[Extracted data entries]
####

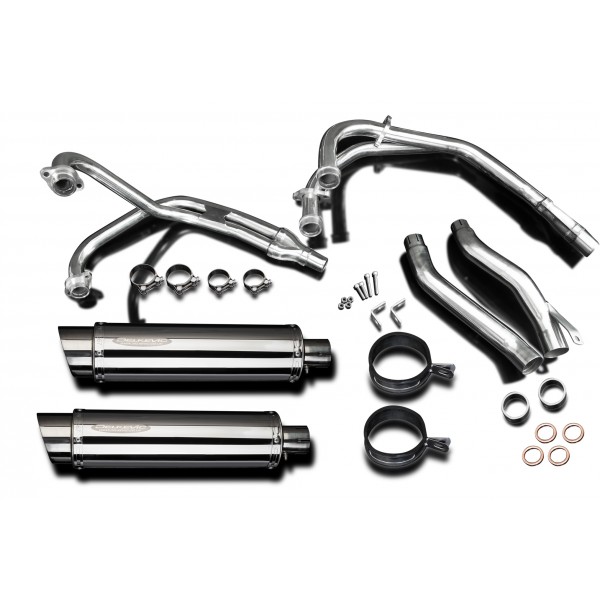 • This set includes - Delkevic down pipes, link pipes, silencers with removable baffles, straps, clamps, gaskets, cap screws, nyloc nuts, brackets, and stand stop rubber.
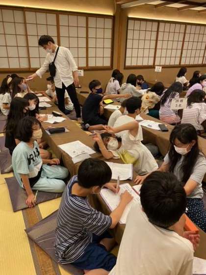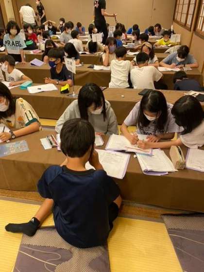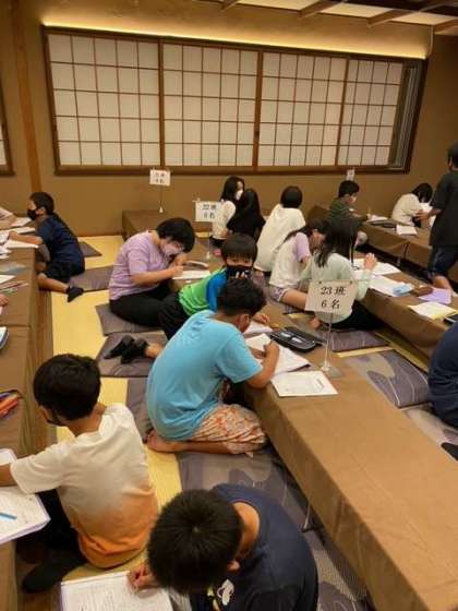 晩ごはんをいただいた大広間で班ごとに反省会をします。
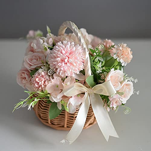 Cliettilw Cesto di fiori intrecciati in vimini, con manico e nastro, decorazione per la casa del giardino (S)
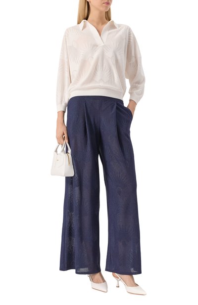 Пуловер с воротником поло и рельефными швами на заниженной линии плеч выполнен из трикотаж а на основе шерсти, вискозы и кашемира. Модель с V-образным вырезом удачно дополнит базовый гардероб.
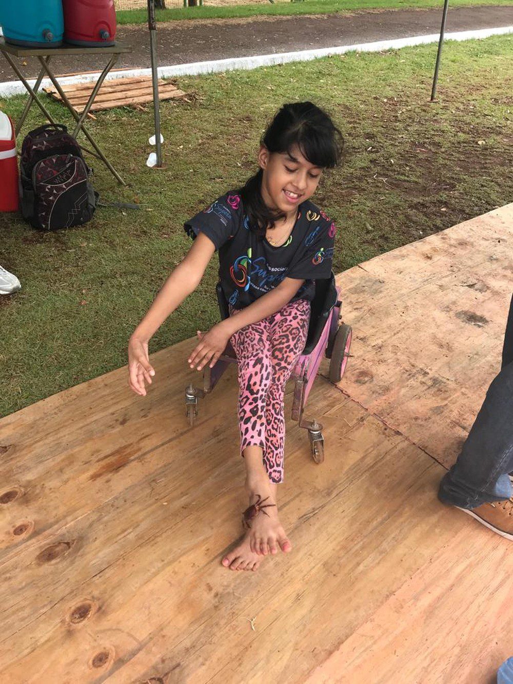 “Ele tem sido um anjo. Pois ajudou a realizar o sonho dela de poder sair do lugar. Ele [Clóvis] é fantástico. Mesmo sem instrução de um profissional, ele se esforçou e conseguiu adaptar objetos para que minha filha pudesse se locomover, eu realmente sou imensamente grata”, chora.

####

Only the text of the records is to be reproduced exactly; skip the pictures.

 • This set includes - Delkevic down pipes, link pipes, silencers with removable baffles, straps, clamps, gaskets, cap screws, nyloc nuts, brackets, and stand stop rubber.
 晩ごはんをいただいた大広間で班ごとに反省会をします。
 Cliettilw Cesto di fiori intrecciati in vimini, con manico e nastro, decorazione per la casa del giardino (S)
 Пуловер с воротником поло и рельефными швами на заниженной линии плеч выполнен из трикотаж а на основе шерсти, вискозы и кашемира. Модель с V-образным вырезом удачно дополнит базовый гардероб.
 “Ele tem sido um anjo. Pois ajudou a realizar o sonho dela de poder sair do lugar. Ele [Clóvis] é fantástico. Mesmo sem instrução de um profissional, ele se esforçou e conseguiu adaptar objetos para que minha filha pudesse se locomover, eu realmente sou imensamente grata”, chora.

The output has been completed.